◆ WHAT YOU NEED TO DO
Output the data below exactly, images excluded.

◆ SUPPLIED DATA
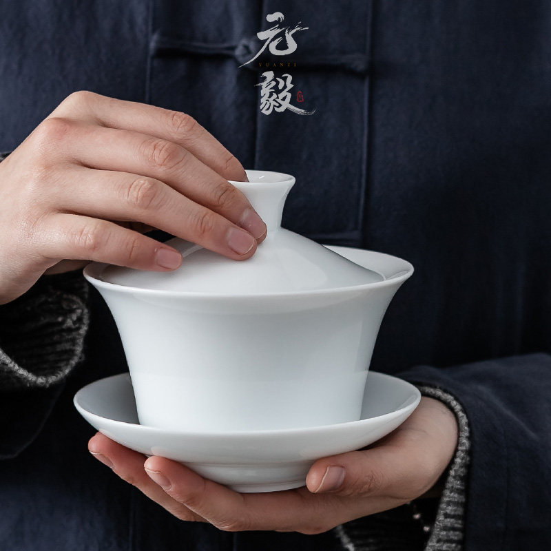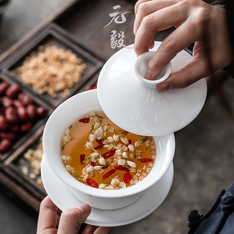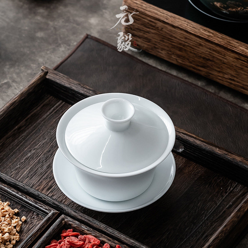 Defied ceramic large number single 300ml extra-large pure white porcelain three-only cover bowl tea cup health care eight precious tea bubble tea bowl
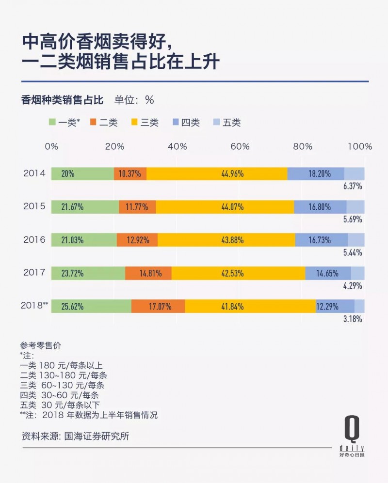 包括农村地区消费者在内,整体烟民消费结构的上移,导致单包 6 元及以下的低档烟占比则进一步下降至 15%。
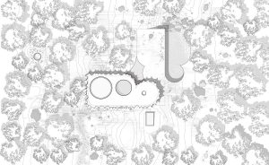 Taking cues from the existing surrounding landscape, the Guest House is designed around the natural clearing and its two distinct trees. The building is a series of 4 identical mirrored suites unified under a single roof. The suites’ rotating orientations alternate the views of each suite to align with one of the two trees. While the trees provide reference points to align the suites, the center of the clearing serves as the center of the arc of the roof that curves around the edge of the open space. The shaded areas between the rotating suites create shared outdoor spaces for the retreat’s visitors.

◆ EXERCISE OUTPUT
 Defied ceramic large number single 300ml extra-large pure white porcelain three-only cover bowl tea cup health care eight precious tea bubble tea bowl
 包括农村地区消费者在内,整体烟民消费结构的上移,导致单包 6 元及以下的低档烟占比则进一步下降至 15%。
 Taking cues from the existing surrounding landscape, the Guest House is designed around the natural clearing and its two distinct trees. The building is a series of 4 identical mirrored suites unified under a single roof. The suites’ rotating orientations alternate the views of each suite to align with one of the two trees. While the trees provide reference points to align the suites, the center of the clearing serves as the center of the arc of the roof that curves around the edge of the open space. The shaded areas between the rotating suites create shared outdoor spaces for the retreat’s visitors.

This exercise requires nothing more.